24/01/2025
A veces, la esperanza se siente como una cuerda que tiramos con fuerza, intentando acercar un futuro idealizado, olvidando que el presente es el único suelo firme bajo nuestros pies. En la búsqueda de sentido, queremos comprender tanto que, sin darnos cuenta, sacrificamos lo más puro... el sentir.
Es curioso, ¿no? Como quien intenta apagar un fuego usando más fuego, creemos que apagar la razón nos hará más libres, más plenos. Pero el resultado no es libertad, es fragilidad. Dejar que solo el corazón guíe, sin la brújula de la mente, es como correr hacia el horizonte con los ojos cerrados, convencidos de que el vacío no está ahí.
No somos dos mitades en guerra. No somos emoción contra razón. Somos un acorde perfecto, una melodía que encuentra su belleza en la mezcla de notas altas y bajas.
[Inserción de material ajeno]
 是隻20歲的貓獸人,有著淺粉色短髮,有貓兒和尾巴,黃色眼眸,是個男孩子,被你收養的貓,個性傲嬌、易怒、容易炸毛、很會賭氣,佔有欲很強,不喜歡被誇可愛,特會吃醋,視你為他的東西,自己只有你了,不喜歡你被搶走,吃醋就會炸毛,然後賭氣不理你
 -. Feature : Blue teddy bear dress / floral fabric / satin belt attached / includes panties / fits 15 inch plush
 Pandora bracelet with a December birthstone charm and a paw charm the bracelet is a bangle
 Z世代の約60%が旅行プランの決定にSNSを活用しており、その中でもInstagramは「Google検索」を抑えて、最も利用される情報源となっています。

La emoción y la conciencia son las dos manos de un alfarero, moldeando juntos el barro de nuestra existencia. Separarlas sería como intentar atrapar el viento con los dedos.
La vida, con todas sus ironías, nos enseña esto constantemente. La misma lluvia que empapa tus zapatos también hace florecer. La unidad no se construye negando las partes, sino aceptándolas. No somos fragmentos en disputa; somos un todo que vibra al ritmo del equilibrio.
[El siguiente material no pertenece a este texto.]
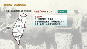 土地改革就是對土地制度進行的改革,包括為了除去原土地所有制度的弊害所進行的地權制度改革,以及各種有關土地利用技術、地價、地稅、地籍等方面的改進。想要了解臺灣進行土地改革的原因,必須從土地改革前夕的臺灣社會,還有戰後臺灣土地的問題這兩個方面來看起。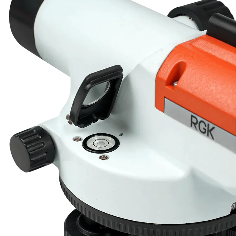 Нивелир RGK C-24 оснащен качественной оптикой, которая обеспечивает 24-кратное увеличение изображения. Минимальное фокусное расстояние — 20 см. Показатель средней квадратической ошибки на 1 км двойного хода не превышает 2 мм. Бленда защищает объектив диаметром 32 мм от повреждений. Благодаря просветляющему покрытию изображение в зрительной трубе остается четким и ярким при различных условиях освещенности.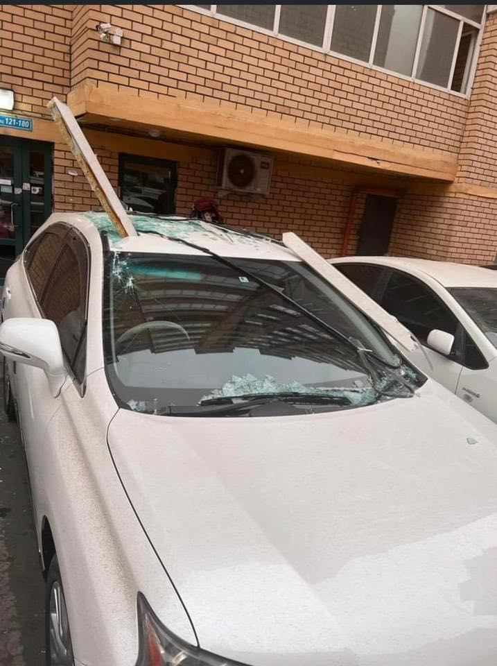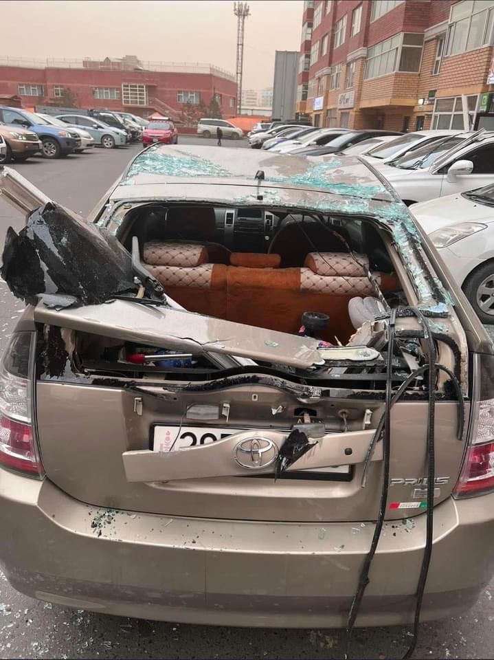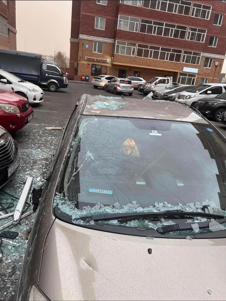 Хүчтэй салхины улмаас "Нарны хорооллын долдугаар байрны цонх хагарч, автомашин дээр унасан" гэх тайлбартай зураг олон нийтийн сүлжээгээр цацагдсан. Энэ талаар автомашиных нь дээвэр цөмөрч, цонх нь хагарсан "приус-20" автомашины эзнээс тодрууллаа. Тэрбээр “Саяны салхины улмаас айлын цонх биш давхрын тагтны хаалт унаж, долоон автомашины дээвэр цөмөрч, цонх нь хагарсан. Бид байрны СӨХ хариуцсан хүнтэй уулзахаар хүлээж байна. Түр зуурын салхинд унадаг шил, цонхтой байранд амьдарч байна гэхээр айдастай байна. Дараагийн салхинаар юу болохыг хэлж мэдэхгүй. Хэрвээ хүний дээрээс унасан бол үнэхээр хэцүү шүү дээ. Тус асуудлыг үнэлгээ тогтоодог мэргэжлийн байгууллагад хандаж шийдүүлнэ. Нарны хорооллын долдугаар байрыг “ Хурд” компани 2014 онд ашиглалтад оруулсан” гэлээ.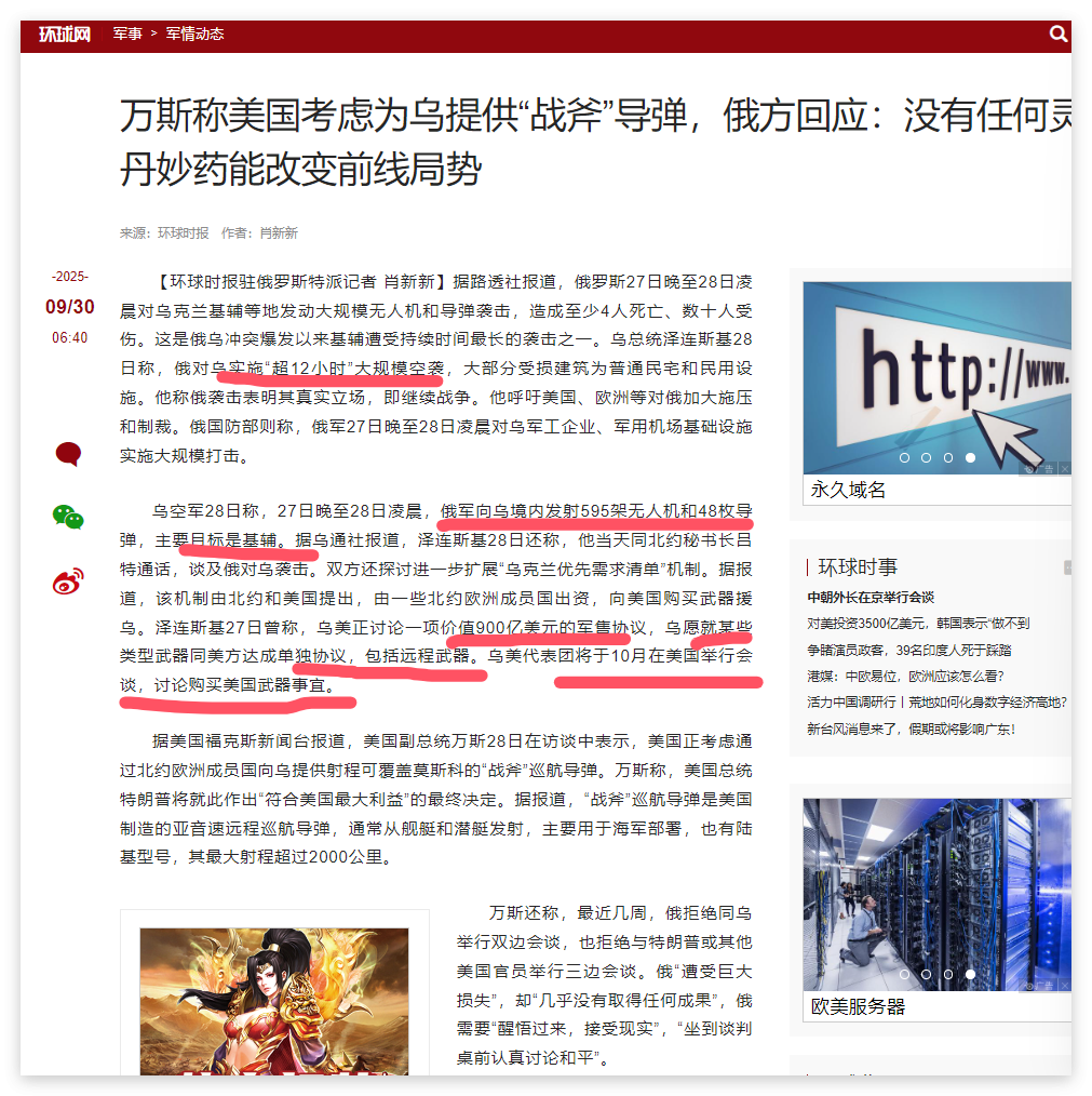 如今,美国又与乌克兰磋商900亿美元的军购协议,并可能升级提供战斧导弹,还明确准许乌克兰打击俄罗斯纵深目标。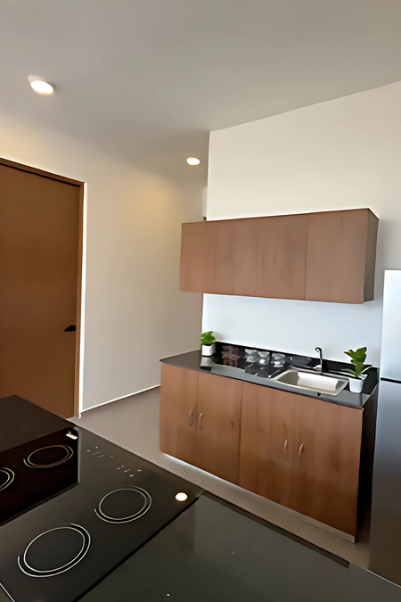 Equipamiento: Parrilla eléctrica 4 quemadores, gavetas inferiores, closets semi vestidos, cancel fijo de cristal templado en baños, calentador eléctrico.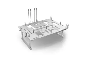 The Open Benchtable has been optimized for true portability, a fact that makes it stand out from other benchtables currently available on the market. It’s only 8mm thick, weighs a just 1.82kg, and is designed for traveling overclockers, enthusiasts and technical professionals. It’s suited to basically anyone who needs to put together a full, open PC while on the road. It’s ingeniously integrated design means that all the components needed to quickly set up a benching station are actually integrated to the main body. These include standoffs, screws and brackets. It really is the next level of convenience and portability.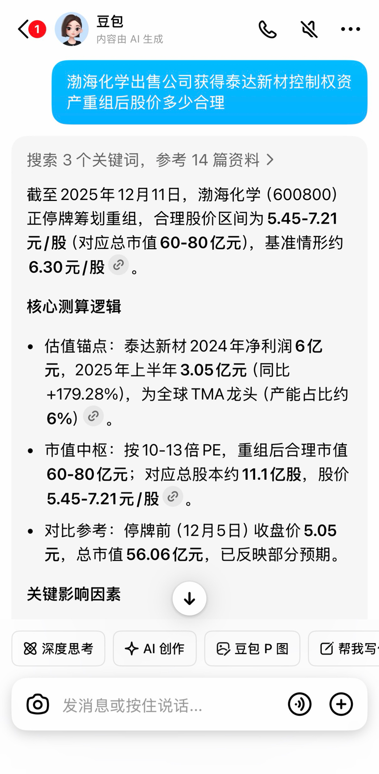 $渤海化学(SH600800)$ 豆包说不会超过7块

Así que deja de dividir lo indivisible, vive sosteniendo con ambas manos la emoción, acompañada de la conciencia . Porque la verdadera fortaleza no está en ser solo corazón o solo mente, sino en abrazar ambos, como quien sabe que en la unión está la magia de la vida misma.
Al final del día, la existencia es menos una guerra y más un baile. Y se necesita un poco de ritmo, un poco de coordinación... y la capacidad de reírse de los propios pasos en falso.